Joshua, son of Nun, who from his youth had been Moses’ aide, said, “Moses, my lord, stop them.”
But Moses answered him, “Are you jealous for my sake? Would that all the people of the LORD were prophets! Would that the LORD might bestow his spirit on them all!”
Then Moses retired to the camp, along with the elders of Israel.
4 There arose a wind sent by the LORD, that drove in quail from the sea and brought them down over the camp site at a height of two cubits from the ground for the distance of a day’s journey all around the camp.
5 All that day, all night, and all the next day the people gathered in the quail. Even the one who got the least gathered ten homers of them. Then they spread them out all around the camp.
But while the meat was still between their teeth, before it could be consumed, the LORD’S wrath flared up against the people, and he struck them with a very great plague.
6 So that place was named Kibroth-hattaavah, because it was there that the greedy people were buried.
From Kibroth-hattaavah the people set out for Hazeroth.
1  Taberah means “the burning.”
3  They prophesied: in the sense, not of foretelling the future, but of speaking in enraptured enthusiasm.
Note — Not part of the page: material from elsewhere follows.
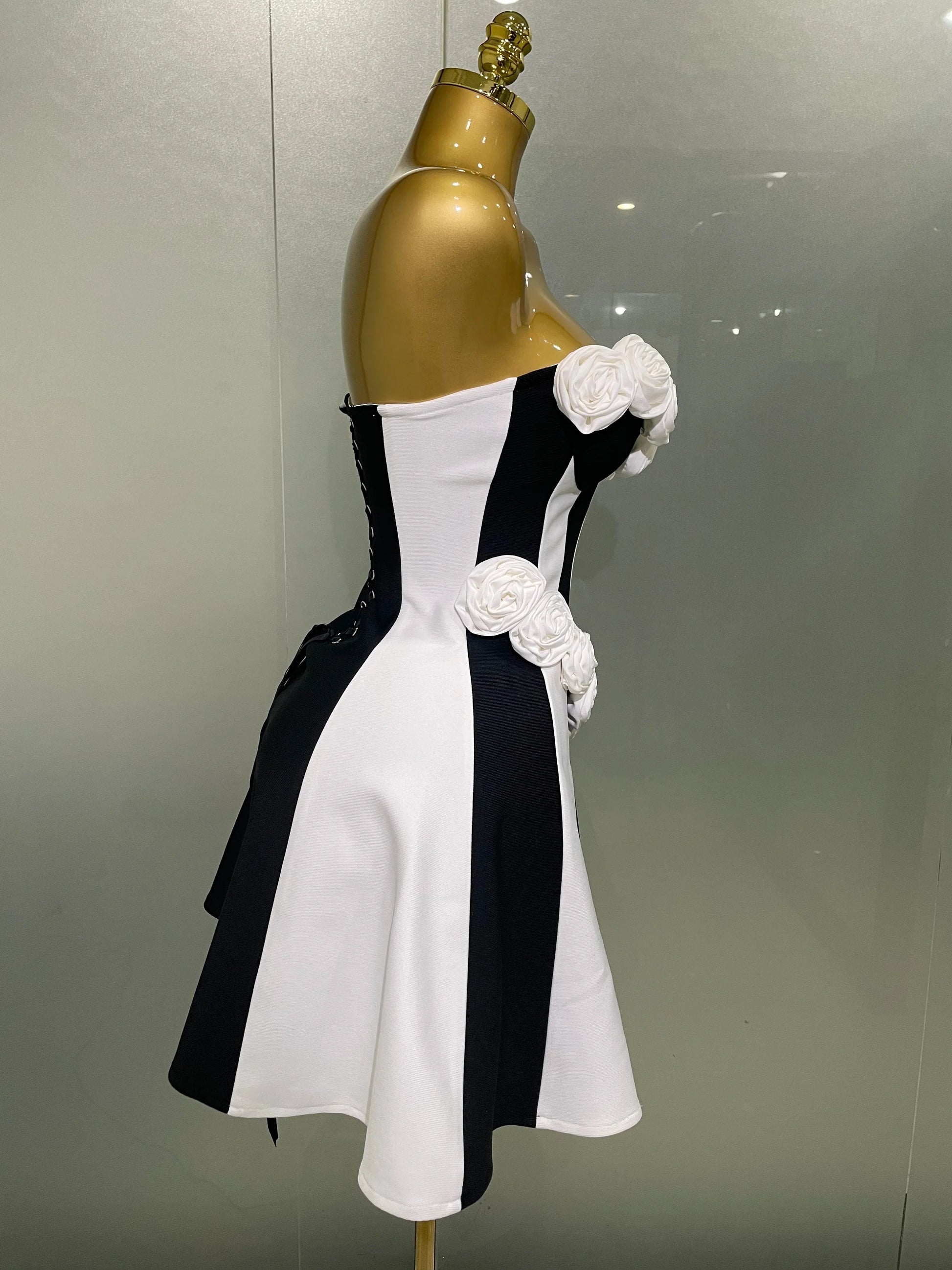 New Women Flower Decoration Strapless Black White Stripe Bandage Short Dress Cocktail Party Elegant Evening Club Party Dress

Such manifestations of mystic exaltation occurred in the early days of Hebrew prophecy (⇒ 1 Sam 10:10-12; ⇒ 19:20-22) and in the first years of the Church (⇒ Acts 2:6-11, ⇒ 17; ⇒ 19:6; 1 Cor 12-14).
4  At a height of two cubits from the ground: exhausted by the storm, the quail could take but short, low flights, so that they were easily captured. To give food to the hungry people, God may have used the natural phenomenon of the annual migration of quail across the Sinai Peninsula. In the spring large flocks of these birds cross the Gulf of Aqabah flying toward the west; in the fall they fly back eastward from the Mediterranean. The sea mentioned here probably refers to the former body of water.
5  They spread them out: to cure by drying.
6  Kibroth-hattaavah means “graves of greed.”